Is now the time for regulation of the master trust market? Helen Morrissey hopes so.
The master trust market has grown massively in recent years, with some estimating there could be up to 100 providers in the market. While this means employers are certainly spoilt for choice, it also highlights the issue of how appropriate due diligence can be done on such a vast array of providers.
The situation has led some to speculate on the need for more robust regulation in this area. It was brought up when Secretary of State for Work and Pensions Stephen Crabb appeared before the Work and Pensions Committee last week.
One member urged Crabb to look at the issue to deal "with distinct concerns that in 20 years' time we will have people coming here asking government to do something because a master trust has failed."
The voluntary nature of the MAF means there are many providers who cannot display such high levels of governance and this is an issue that must be addressed.
Crabb did not seem overly concerned and replied that while issues may exist "around the edges" of the market, more than 90% of members are with Master Trust Assurance Framework (MAF) accredited providers.

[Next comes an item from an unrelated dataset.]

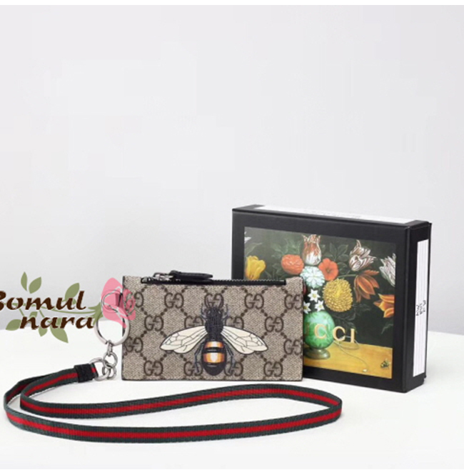 [스페셜오더]GUCCI-523903 8669 구찌 꿀벌 프린트 GG 슈프림 Web 스트랩 카드 케이스

While this is great news for those using such providers, the voluntary nature of the MAF means there are many providers who cannot display such high levels of governance and this is an issue that must be addressed.
It is to be hoped that we will see the inclusion of a pensions bill in this week's Queen's Speech to open the door for master trust regulation. This may seem strange in an industry already over-burdened with regulation but I fear that if this does not happen we put the retirement savings of many thousands of people in danger.